# what do u pay for car insurance



## Unregistered (10 May 2005)

Hi 

Just wondering what people are paying for car insurance 

Im a 24 year old female paying €700 this year  on a 1.1 car driving since i was 17 first under my parents insurance now on my own policy


----------



## sinead76 (10 May 2005)

I'm renewing this month €654 (3p f&t) 2 years NCB 22 yo female 3rd prov licence
1.0l toyota yaris


----------



## Unregistered (10 May 2005)

Am 25 year old female, drving 05 corolla, just renewed this week and am paying 611 euro comp.  i have 3 yrs no claim bonus and three years as a named driver.  i have insured my partner on the car (27yrs old) fully comp also for the 611 euro.  am in the south east.


----------



## Unregistered (10 May 2005)

€654 on prov lic is great mine is full licence who is insurance with?

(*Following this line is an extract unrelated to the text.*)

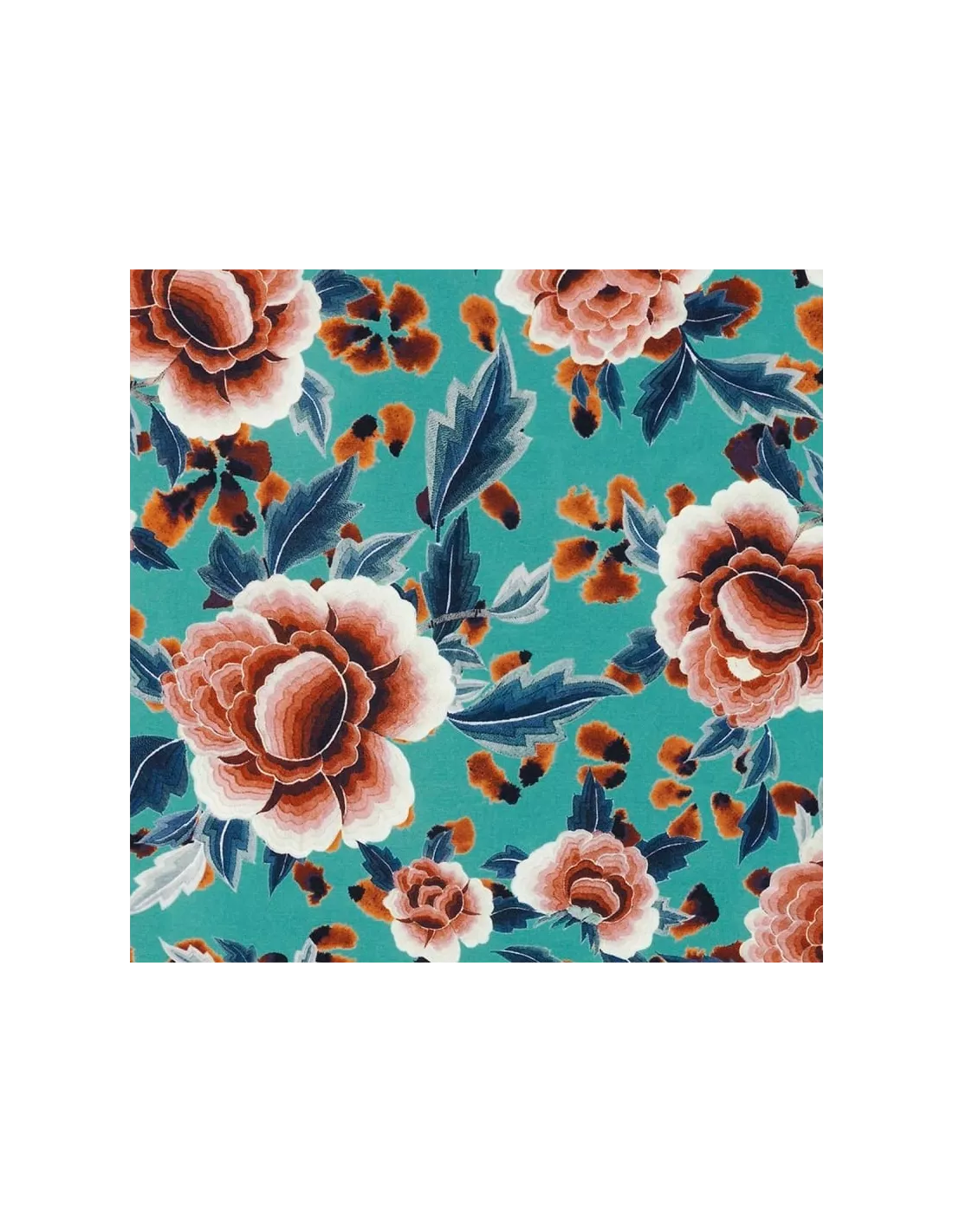 Le motif romantique du tissu China Town Aqua Outdoor présente des pivoines riches en couleurs qui contrastent avec un fond uni. Les nuances de couleurs superposées des pétales créent un jeu de perspective et un rendu naturel. Ce tissu exotique et résistant proposé par Jean Paul Gaultier convient aux usages en extérieur.

has anyone used brittoninsurance.ie they seem very cheap but they are in donegal (would this be a prob for people in dublin)


----------



## CCOVICH (10 May 2005)

Unregistered said:
			
		

> €654 on prov lic is great mine is full licence who is insurance with?
> 
> has anyone used brittoninsurance.ie they seem very cheap but they are in donegal (would this be a prob for people in dublin)


 
Britton insurance will quote no matter what county you are in.


----------



## Unregistered (10 May 2005)

€612 on an 05 Mazda 3 1.6 with Allianz. 7 yrs no claims, 28 yr old male, full licence for five years. First time I've been able to move away from Quinn Direct, thank God I don't have to use them any more — the only thing you get from them is a disc for when you're stopped at a checkpoint. There's damn all customer service, no windscreen cover, they charge to do temp transfers to other cars, and are the most reluctant I've ever seen to pay out.


----------



## Bluebean (10 May 2005)

€485 fully comp with Axa, 3 years ncb, 3 years named driver experience, full licence with 2.5 years on 1.25 ford fiesta.


----------



## Unregistered (11 May 2005)

Bluebean,

Who are you insured with?


----------



## Bluebean (11 May 2005)

Insured with axa. Forgot to put down 26 years old, female.  Started out with a renewal quote of €630, they dropped to €485 easily enough. I included ncb protection + windscreen cover but not the motor rescue, accidental death policy etc. Happy out with it, big change from almost 1500 euro 3 for third party, fire & theft 3 years ago when I first got policy in my own name!


----------



## Unregistered (11 May 2005)

friends of mine are only starting to drive 23 years old no expierence on the road and got insurance for €1100 i think that is crazy the way people get insured like this with no expierence at all on the road there should be a course they have to pass  before been allowed on the road because this girl was nearly hitting off cars. Im driving 7 years and paying €720 24 year old female


----------



## sinead76 (11 May 2005)

my €654 is with quinn direct, I got a quote of 645 on insure.ie but stuck with QD as I can drive other cars on it.  My other half is also with them 28, full licence 8 years 4 yrs NCB 2.0 mazda 323 paid €560

Agree their customer service isnt the best.  Since we have both cars with them we tried to get a "deal" on house insurance and they were the dearest quote we got


----------



## Cahir (11 May 2005)

Beware of Quinn Direct when trying to switch to another company.  They wouldn't insure my car I bought last year so had no option but to change companies to Hibernian (the only one who'd insure me!) and had so much hassle from Quinn Direct I almost killed them!!!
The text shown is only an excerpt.